Spiele könnten verschoben werden
Noch halten sich viele Spieleentwickler bedeckt, aber genau wie in der Filmbranche wird es zu neuen Veröffentlichungsdaten von Videospielen kommen. Durch die Ausbreitung des Coronavirus in Nordamerika und Europa sind auch viele Entwicklerstudios betroffen, deren Arbeitsalltag ebenfalls auf den Kopf gestellt wird und Homeoffice zur Tagesordnung gehört. Verschiebungen sind auch hier unumgänglich und könnten gross angekündigte Spiele hart treffen.

Der kommende Game-Blockbuster «The Last of Us Part 2» ist beispielsweise noch für Ende Mai vorgesehen. Am 29. Mai soll eines der meist erwarteten Videospiele dieses Jahres für die Playstation 4 erscheinen. Das Entwicklerstudio Naughty Dog hat das Spiel schon öfters verschoben, befindet sich aber nun auf der Zielgeraden. Doch durch das Coronavirus müssen nun auch alle Mitarbeiterinnen und Mitarbeiter arbeitstechnisch umdenken und es könnte erneut eine Verschiebung geben.

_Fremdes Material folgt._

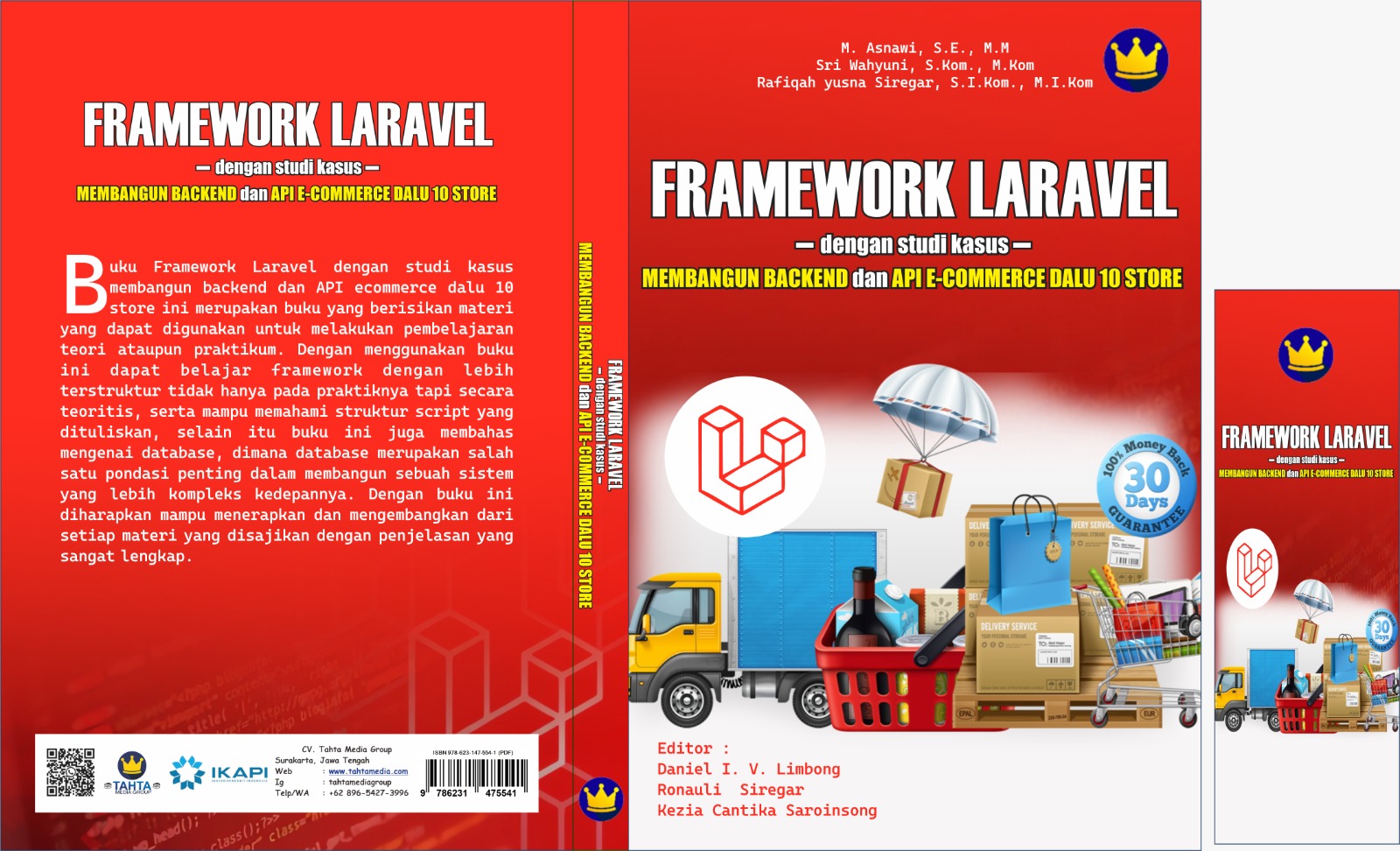 Buku Framework Laravel dengan studi kasus membangun backend dan API ecommerce dalu 10 store ini merupakan buku yang berisikan materi yang dapat digunakan untuk melakukan pembelajaran teori ataupun praktikum. Dengan menggunakan buku ini dapat belajar framework dengan lebih terstruktur tidak hanya pada praktiknya tapi secara teoritis, serta mampu memahami struktur script yang dituliskan, selain itu buku ini juga membahas mengenai database, dimana database merupakan salah satu pondasi penting dalam membangun sebuah sistem yang lebih kompleks kedepannya. Dengan buku ini diharapkan mampu menerapkan dan mengembangkan dari setiap materi yang disajikan dengan penjelasan yang sangat lengkap.

Brisant ist zudem die Thematik dieser Videospielreihe: Im Zentrum steht der Ausbruch eines globalen Virus, das die Menschen befällt und einige in aggressive Zeitgenossen verwandelt. Ein Thema also, das trotz übertriebener Dystopie aktueller nicht sein könnte und aus Rücksicht auf die Coronavirus-Opfer eigentlich nochmals zwingend verschoben werden müsste.